### [Directions for this task]
Take the lines from the one containing "日前,自治区党委书记王君正在" through the final line below and restate them exactly. Omit the pictures.

[Stored records]
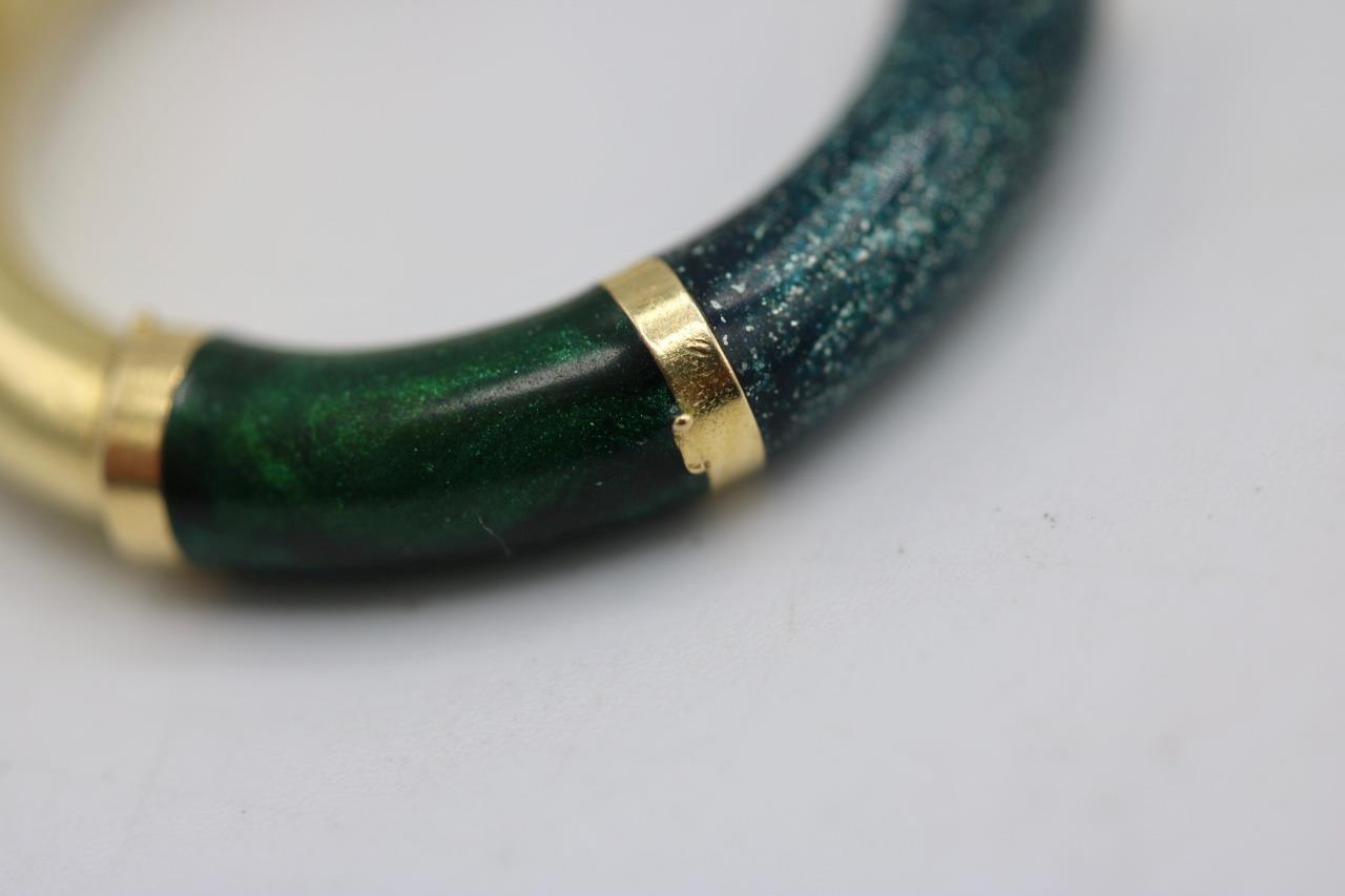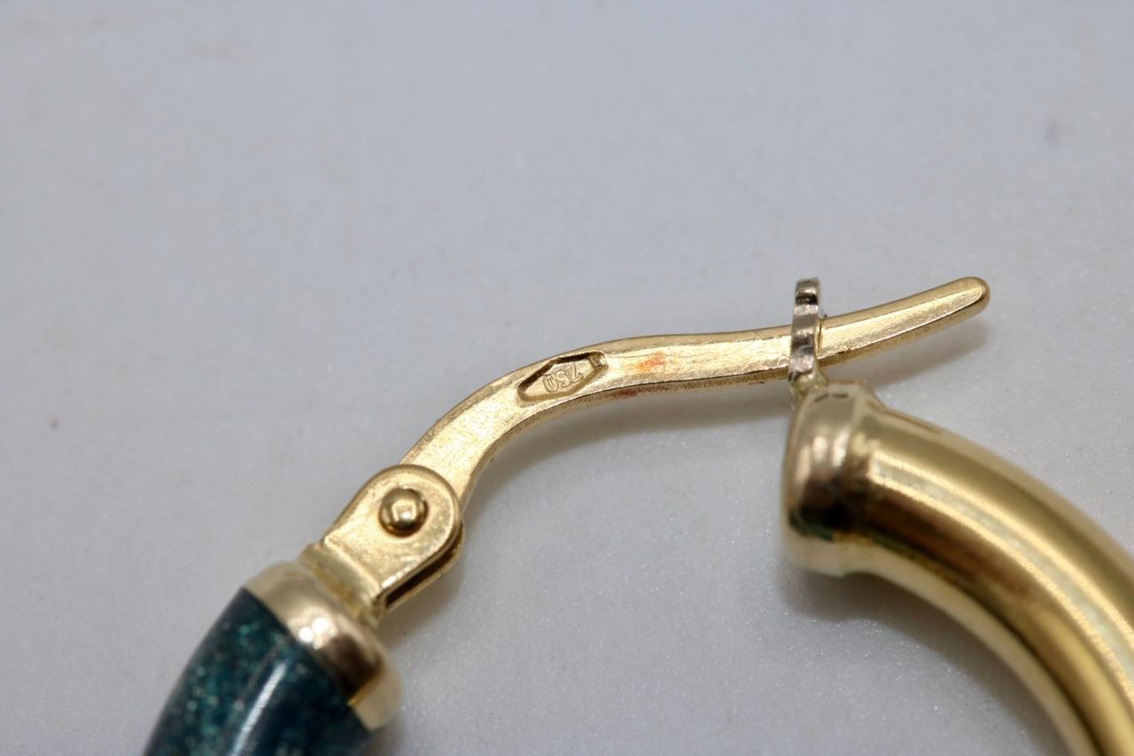 - 18K Yellow Gold Green Enamel Hoop Earrings 20mm 3.3 grams
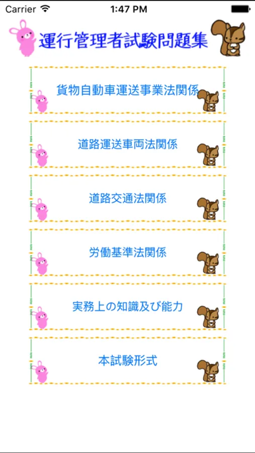 各科目から10問づつ出題され全40問で学習できます。また問題はその都度ランダムなため、何度でも試すことができます。
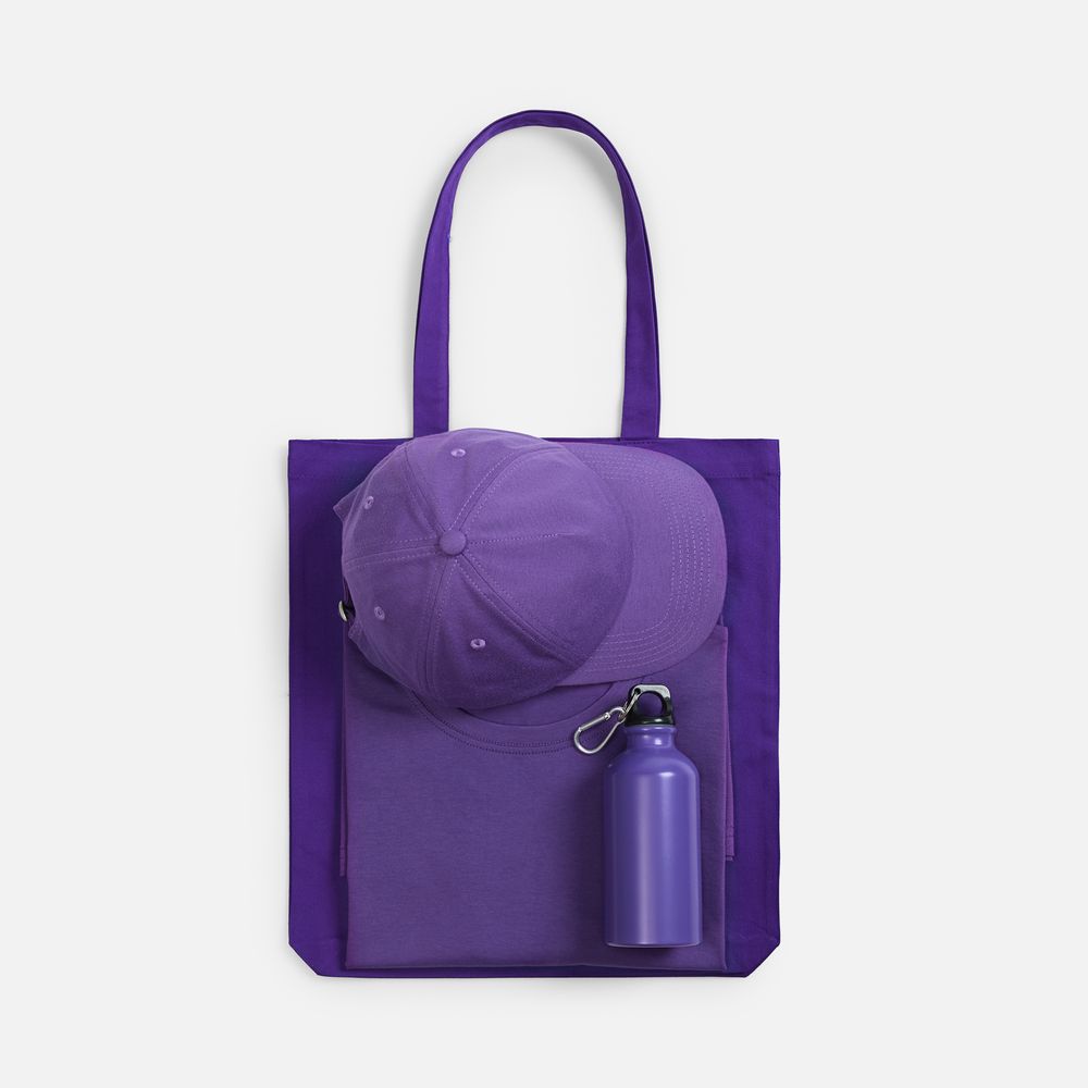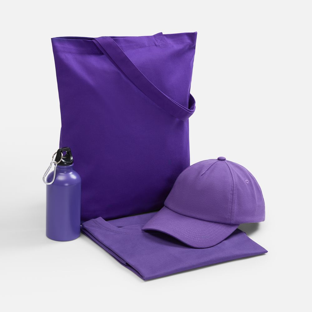 футболка - хлопок 100%, гребенная пряжа (пенье), плотность 160 г/м²; джерси; бейсболка - полиэстер, 75%; хлопок, 25%, плотность 170 г/м²; джерси; бутылка - алюминий; крышка - пластик; сумка - хлопок 100%, плотность 220 г/м²; саржа
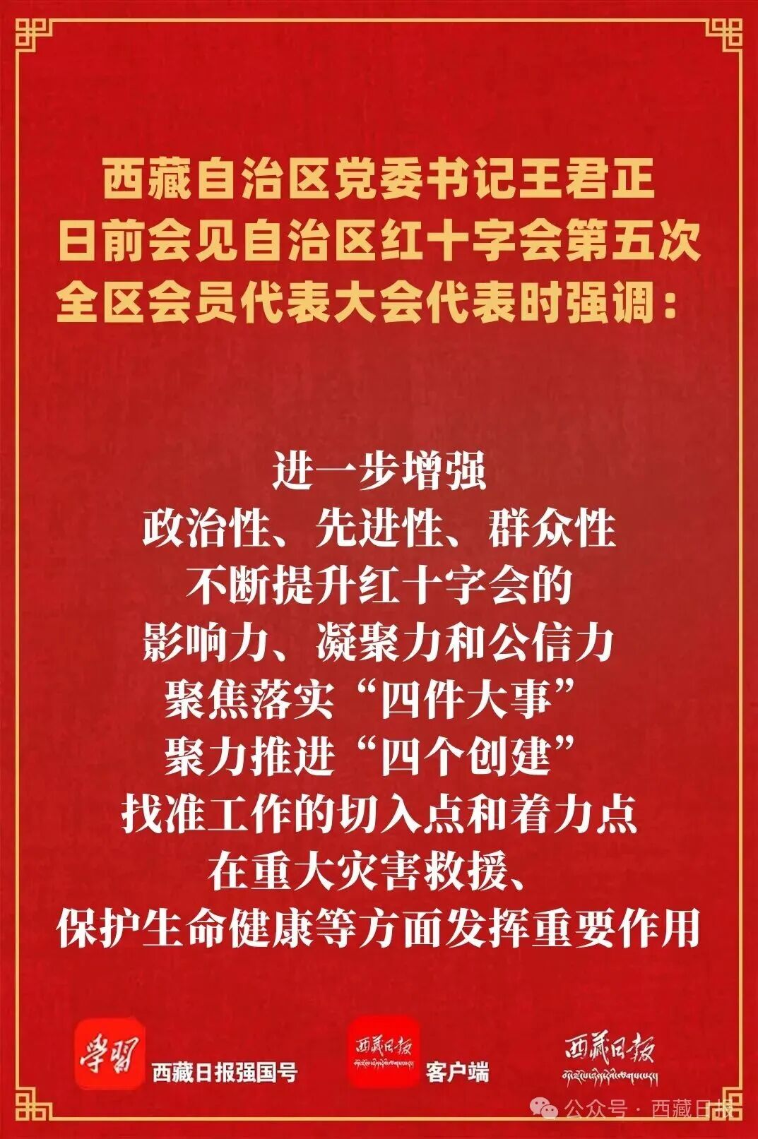 日前,自治区党委书记王君正在拉萨会见自治区红十字会第五次全区会员代表大会代表。他强调,要深入贯彻落实党的二十届四中全会精神和习近平总书记关于红十字事业的重要指示批示精神,聚焦主责主业,提高服务能力,努力推动全区红十字事业高质量发展,为建设社会主义现代化新西藏作出更大贡献。
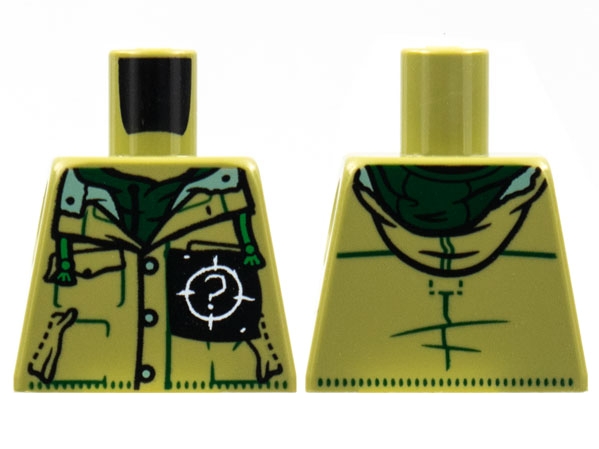 Torso Button Up Shirt with Hood, Open Collar, Dark Green Trim, White '?' on Black Pocket Patch Pattern
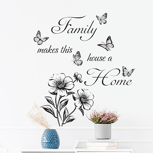 Adesivo da parete con proverbi floreali ad acquerello, design per la famiglia, decalcomania da parete rimovibile con citazione ispiratrice e opere d'arte floreali per camera da letto, soggiorno,

### [Reply]
 日前,自治区党委书记王君正在拉萨会见自治区红十字会第五次全区会员代表大会代表。他强调,要深入贯彻落实党的二十届四中全会精神和习近平总书记关于红十字事业的重要指示批示精神,聚焦主责主业,提高服务能力,努力推动全区红十字事业高质量发展,为建设社会主义现代化新西藏作出更大贡献。
 Torso Button Up Shirt with Hood, Open Collar, Dark Green Trim, White '?' on Black Pocket Patch Pattern
 Adesivo da parete con proverbi floreali ad acquerello, design per la famiglia, decalcomania da parete rimovibile con citazione ispiratrice e opere d'arte floreali per camera da letto, soggiorno,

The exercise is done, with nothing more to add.